The emphasis early in Year 1 is on using the local (City of Chester) and regional (NW England) human and physical environments, while in Years 2 and 3 we offer opportunities to travel further afield to work in social and environmental settings that are very different to those of the UK. Whether you end up studying in a 'Fair Trade' coffee plantation on the side of a volcano in Costa Rica, measuring the rate of retreat of a glacier in Norway or conducting a survey of crime perception and reality within the city of Chester, our overarching aim is to instill in you a fascination for natural and/or human environments - and an understanding of the social, political, economic and natural processes that have made them as they are and shape their future.
Opportunities in Year 1
The urban and rural environments in and around Chester provide a distinctive ‘laboratory' for group and individual fieldwork projects. Examples include studying pollution and microclimate in the city centre, investigations at the slave trade museum in Liverpool and analysing industrial change and regeneration on Deeside. Single Honours Geography students and Combined Honours Natural Hazard Management Students enjoy a weeklong residential fieldtrip to South Devon, while Combined Honours Geography students spend four days at the Centre for Alternative Technology in mid-Wales. By way of introduction to the challenges of asylum and refuge the International Development Studies students spend several days researching Black Ethnic Minority (BEM) community groups in Liverpool.
Opportunities in Year 2
We continue to make full use of the distinctive opportunities for fieldwork in NW England and N Wales, but from Easter onwards also present the opportunity to take on more diverse challenges as an integral part of your degree. A distinctive feature of degree work at Chester, and one that is rated very highly by employers, is the requirement for you to complete an experiential (work-based) learning module during the summer term of your second year. This not only counts as one module towards your degree, but also provides a vocational element to your CV and reference when you graduate.
Students elect to do their six-week placements in many different ways. Some negotiate their own placements (e.g. working as a classroom assistant in a local school, or as a field technician for an environment consultancy or local council), while others ask the University to arrange a placement for them through its extensive network of employer links. Around 10-15 students each year join our both of our fieldtrips to Spain and New York which counts as an experiential learning module, or travel further afield to developing countries to work for one of a number of development organisations with which the University has close links.

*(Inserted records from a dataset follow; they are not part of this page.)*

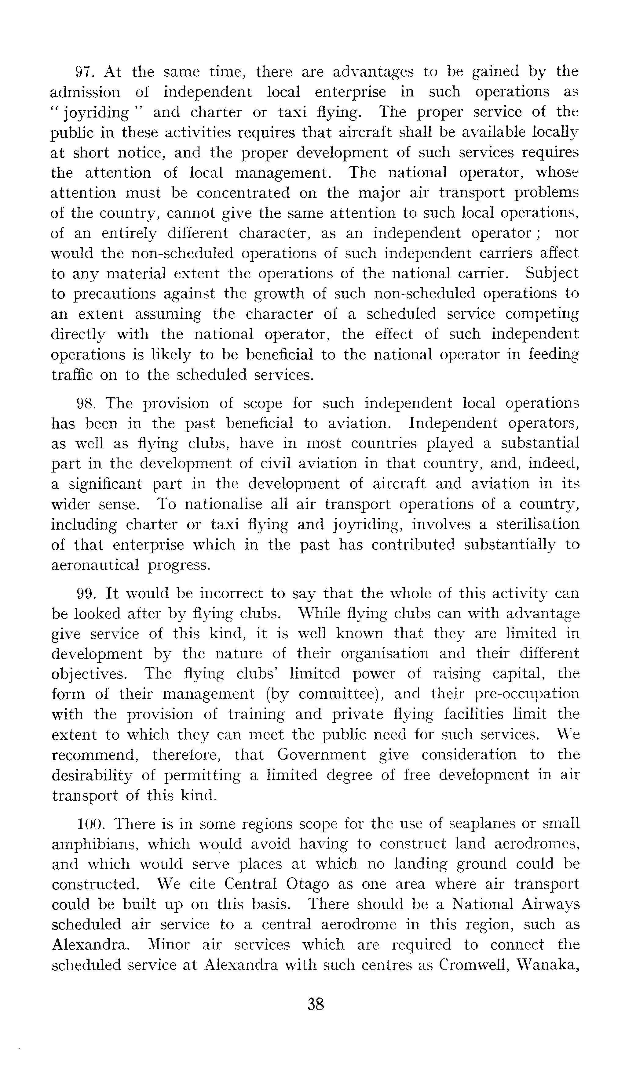 97. At the same time, there are advantages to be gained by the admission of independent local enterprise in such operations as " joyriding " and charter or taxi flying. The proper service of the public in these activities requires that aircraft shall be available locally at short notice, and the proper development of such services requires the attention of local management. The national operator, whose attention must be concentrated on the major air transport problems of the country, cannot give the same attention to such local operations, of an entirely different character, as an independent operator; nor would the non-scheduled operations of such independent carriers affect to any material extent the operations of the national carrier. Subject to precautions against the growth of such non-scheduled operations to an extent assuming the character of a scheduled service competing directly with the national operator, the effect of such independent operations is likely to be beneficial to the national operator in feeding traffic on to the scheduled services. 98. The provision of scope for such independent local operations has been in the past beneficial to aviation. Independent operators, as well as flying clubs, have in most countries played a substantial part in the development of civil aviation in that country, and, indeed, a significant part in the development of aircraft and aviation in its wider sense. To nationalise all air transport operations of a country, including charter or taxi flying and joyriding, involves a sterilisation of that enterprise which in the past has contributed substantially to aeronautical progress. 99. It would be incorrect to say that the whole of this activity can be looked after by flying clubs. While flying clubs can with advantage give service of this kind, it is well known that they are limited in development by the nature of their organisation and their different objectives. The flying clubs' limited power of raising capital, the form of their management (by. committee), and their pre-occupation with the provision of training and private flying facilities limit the extent to which they can meet the public need for such services. We recommend, therefore, that Government give consideration to the desirability of permitting a limited degree of free development in air transport of this kind. 100. There is in some regions scope for the use of seaplanes or small amphibians, which would avoid having to construct land aerodromes, and which would serve places at which no landing ground could be constructed. We cite Central Otago as one area where air transport could be built up on this basis. There should be a National Airways scheduled air service to a central aerodrome in this region, such as Alexandra. Minor air services which are required to connect the scheduled service at Alexandra with such centres as Cromwell, Wanaka,
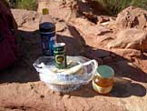 パン、アプリコットジャム、チーズ、コーラ |
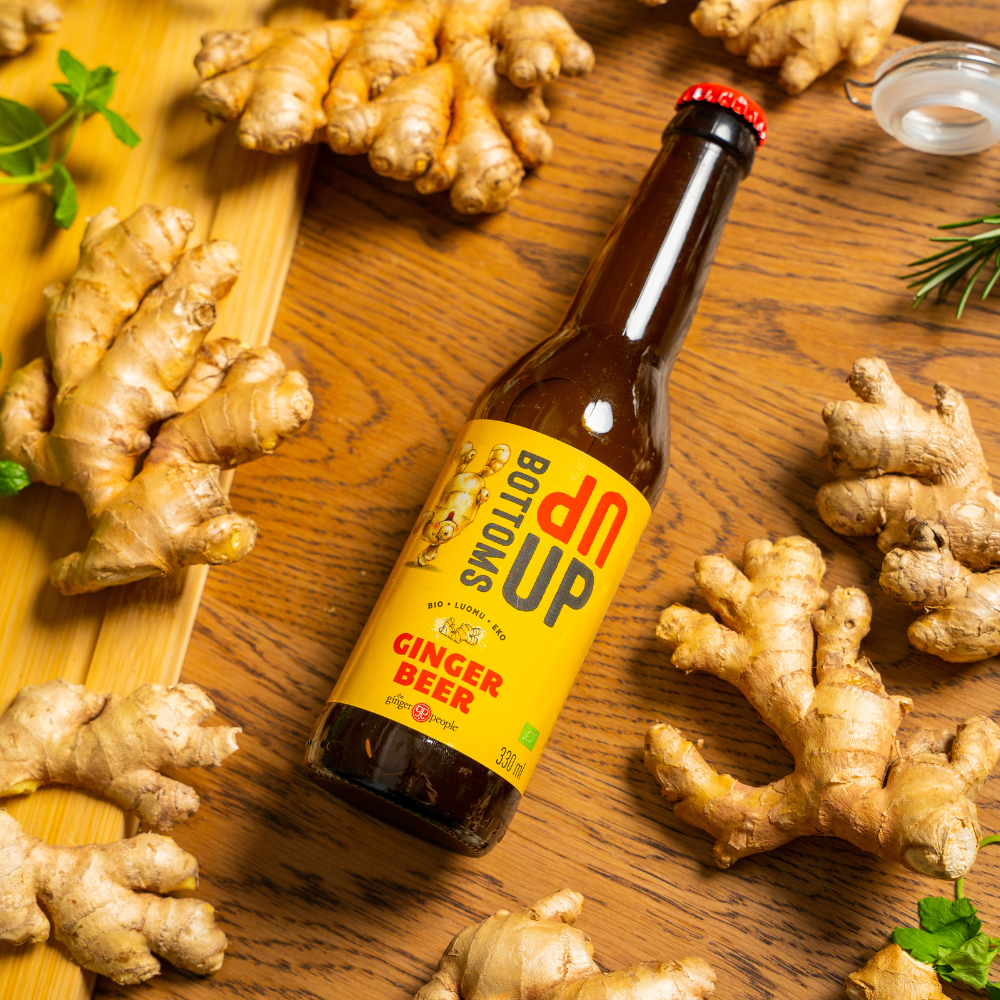 Ginger beer artizanal, spicy și revigorant. Nefiltrată, acidulată și realizată cu 4% suc concentrat de ghimbir, fără alcool.
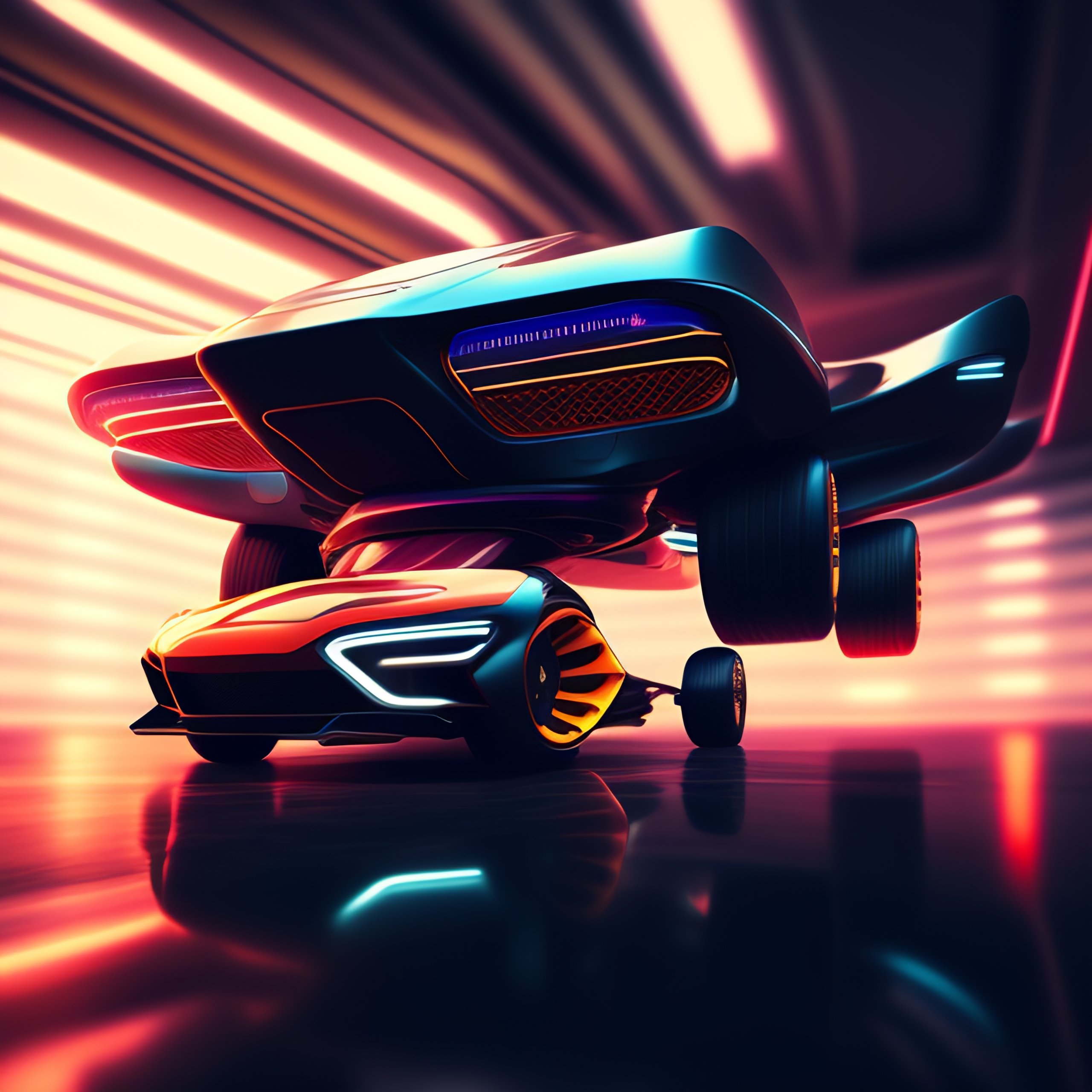 Front of a futuristic flying car, cyberpunk, horizontal flaps, dramatic lighting, 4k, digital art, concept art
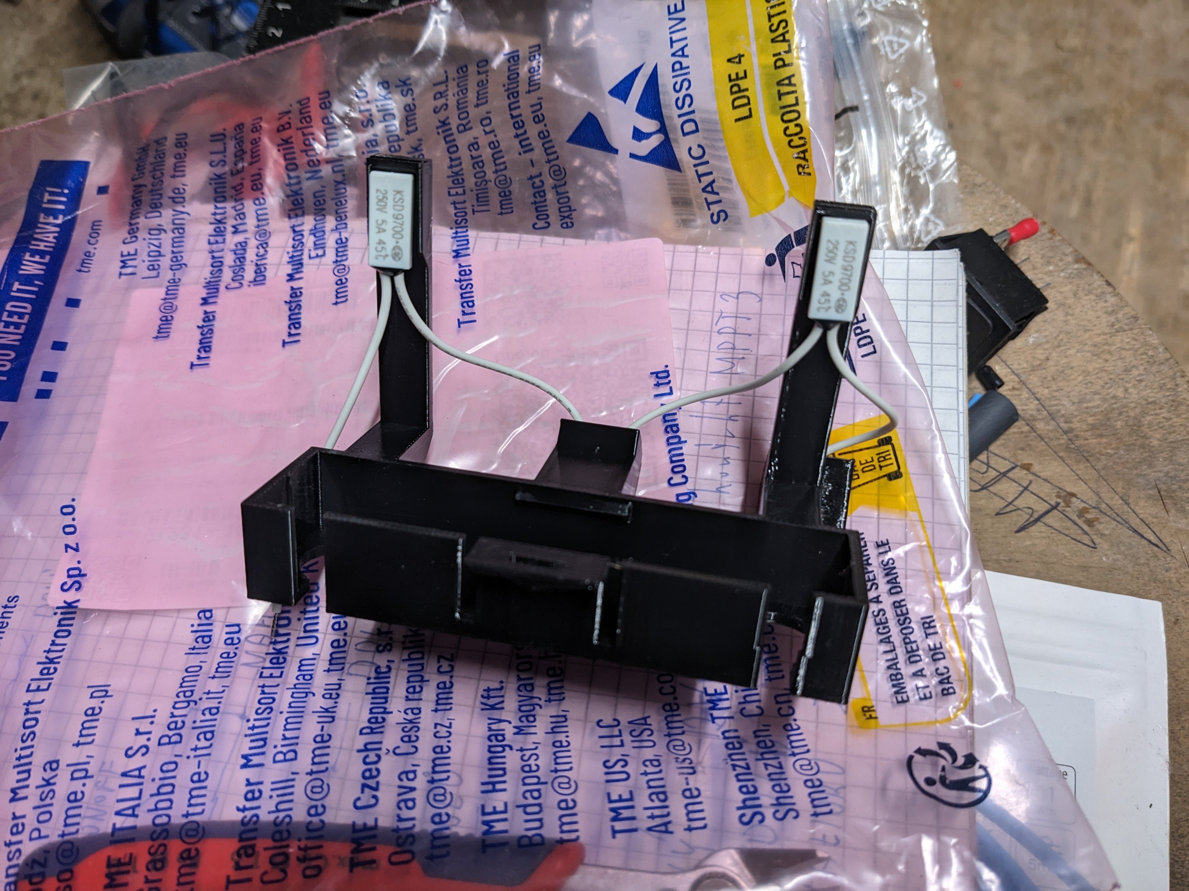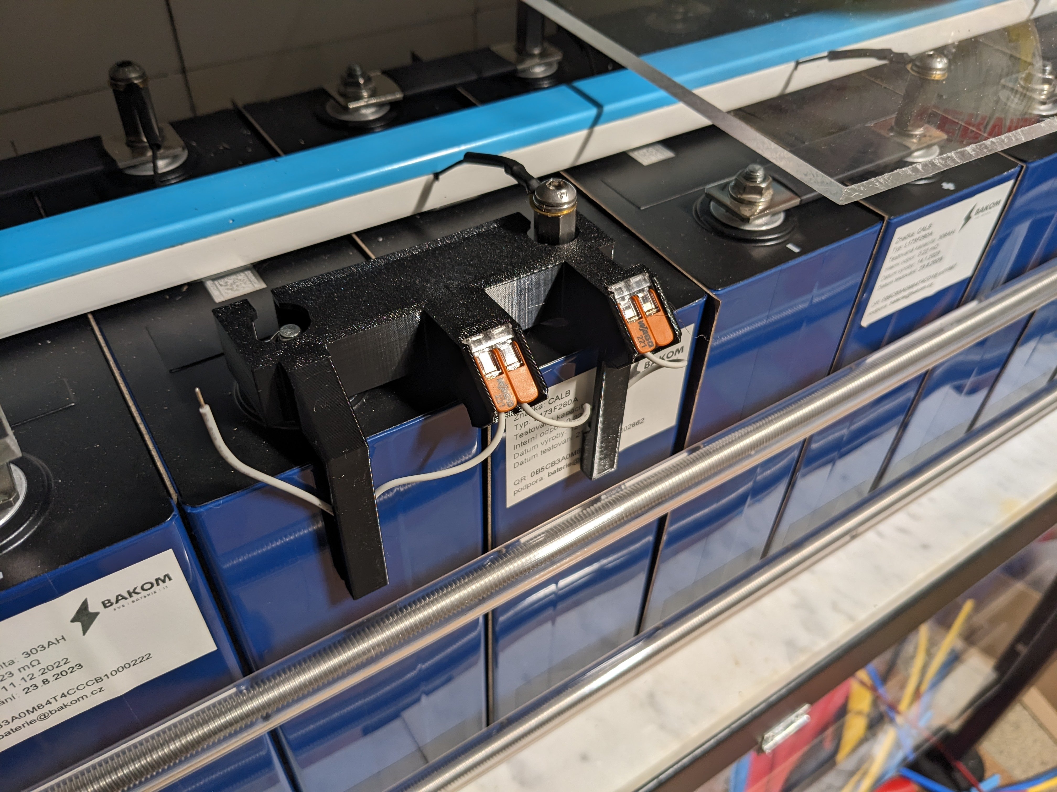 Začal jsem pracovat na detekci požáru akumulátorů, z Ali jsem objednal hrst rozpínacích termostatů 45°C a vymodeloval kryt terminálů, který zároveň bude držet termostaty na boku článků. Plánuji na každém článku 2, 32 ks spojených do série.

Finally, during the summer vacation between Years 2 and 3 the department runs an expedition to Norway. This optional two-week trip is aimed at students seeking to collect data for a final year dissertation on a glacial/climate change/cold region hazards topic.
Opportunities in Year 3
In Year 3 our Natural Hazard Management students spend a field week studying geophysical hazards (earthquake, volcano) around Vesuvius and the Bay of Naples, while the International Development Studies students benefit from a unique opportunity to spend four days in Geneva at the Offices of the United Nations. All other fieldwork in Year 3 is linked to the optional specialist modules that make up the different degree programmes, including dissertation project work. Some modules and dissertation projects have a heavy field orientation, others have far less - so the amount of fieldwork that you do depends on your interests and, probably, what you plan to do when you graduate. We give you help and guidance in making these selections mid-way through Year 2.